I remember a speech by the director-general of the Independent Television Authority in which he contrasted the benefits of TV advertising with the perceived problems of posters, implying that they spoiled the environment for no purpose other than to boost the profits of advertisers and poster companies. That was in the Seventies, long before the social partnerships between outdoor contractors and public authorities became commonplace.

Bus-shelter advertising began in France and was the invention of Jean-Claude Decaux, whose surname is displayed on poster panels across much of the UK, Europe and the US. JC Decaux is now the second-largest outdoor company in the world and its range of street furniture includes city information booths, advertising kiosks, newsstands and automatic public toilets.

Such practices are now standard in the industry but like the success of The Sun, it didn’t happen overnight, as Jean-Francois Decaux – the founder’s son – told advertisers, agencies and contractors in Barcelona.

“The industry said the six-sheet panels on bus-shelters were too small and it took six years for them to get established,” he said. Twenty years later, he said, it was the same story with public lavatories: “‘Why does a media company want to get involved with toilets?’ we were asked.”

Whatever the industry’s reluctance to embrace that vision, it has more than made up for it now, as the Barcelona conference demonstrated.

The main message – from the advertiser and agency speakers, as well as the poster companies – was that the UK outdoor business had been transformed in recent years, through consolidation and investment. And though there is cut-throat competition for contracts between the four major players – Clear Channel, JC Decaux, Maiden and Viacom Outdoor – the industry has substantially increased its market share.

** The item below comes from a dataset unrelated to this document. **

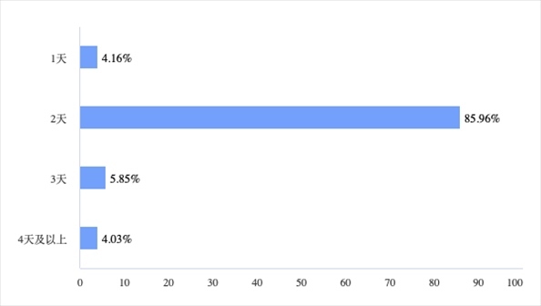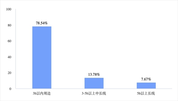 在出游時間和距離方面,短途游是大部分“特種兵旅游”人群的選擇。第一財經(jīng)調(diào)查結(jié)果顯示,86.09%的受訪者選擇周五晚上出發(fā),78.54%的受訪者選擇3小時路程的周邊游目的地,85.96%的受訪者選擇2天游程時間。

According to the latest Advertising Association figures, outdoor’s revenue grew by 12.6 per cent in the past quarter, twice as much as the next medium. It now claims almost ten per cent of the media market, up from five per cent in 1990, and according to Jean-Francois Decaux, the UK’s outdoor industry is comfortably outperforming the rest of the world.

Some 80 per cent of the biggest advertisers now use posters regularly, though relatively few use it as the lead medium and some dip in and out too often for the contractors’ comfort. Research methods have improved too, giving greater confidence to most advertisers, in what once was seen as a cowboy medium. Postar has begun measuring audiences to rail and London Underground poster sites and will soon take in buses and taxis.

Forty years after the launch of The Sun and BBC2, TV and newspapers audiences are fragmenting, while the impact of outdoor is growing. Perhaps the main danger now – and one it should take seriously – is complacency.